Parents have a critical role in identifying the first signs that something isn't right with their child. One of the main goals of this book is to help parents learn to recognize the signs and symptoms of sleep issues so they can discuss them with their child's pediatrician and pediatric airway dentist.


Sharon Moore is an author, presenter, and Speech Pathologist, with 4 decades of clinical experience across a wide range of communication and upper airway disorders. Her focus right now is sharing key research about the importance of upper airway health and sleep, in reference to the global epidemic of sleep problems.

Recently, acknowledgment of the role of Myofunctional therapy in the management of sleep disorders hails a new era of relevance for therapeutic interventions that support upper airway health and function, affirmation of her chosen clinical direction. She believes that there has never been a more important time for medical and dental colleagues to work as a team with significant health morbidities of sleep disorders in all ages now widely known.

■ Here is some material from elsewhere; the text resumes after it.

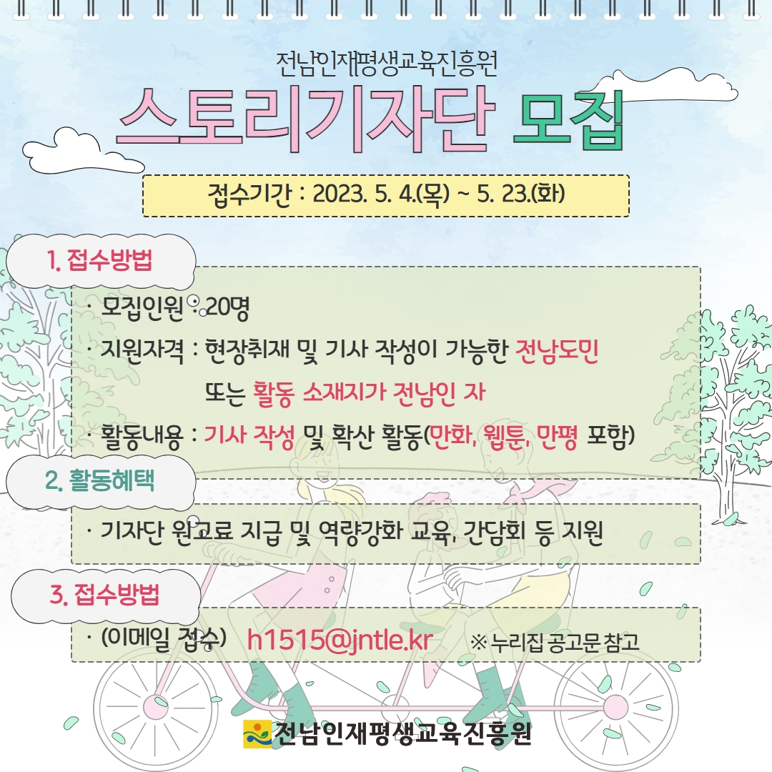 전남인재평생교육진흥원에서는 지역의 다채로운 장학·인재육성·평생교육 소식을 발굴하고 널리 홍보하기 위하여 스토리기자단을 모집 합니다.가. 공 고 명 : 2023년 인평원 스토리기자단 모집나. 접수기간 : 2023. 5. 4.(목) ~ 5. 23.(화)다. 접수방법 : 담당자 이메일(h1515@jntle.kr) 신청※ 공고문 참고

Sharon has worked in medical clinical settings in Australia and London. Currently, she runs a Private Practice in Canberra, managing referrals from medical and dental specialists using an upper airway focussed approach, for patients of all ages and training speech pathologists in her methods. The integration of Orofacial Myofunctional principles into traditional Speech Pathology work allows a unique approach to managing upper airway disorders including breathing, swallowing, chewing, phonation, resonance & speech.

Sharon has a special interest in the early identification of craniofacial growth anomalies in non-syndromic children, airway obstruction in sleep disorders, and concomitant orofacial dysfunctions.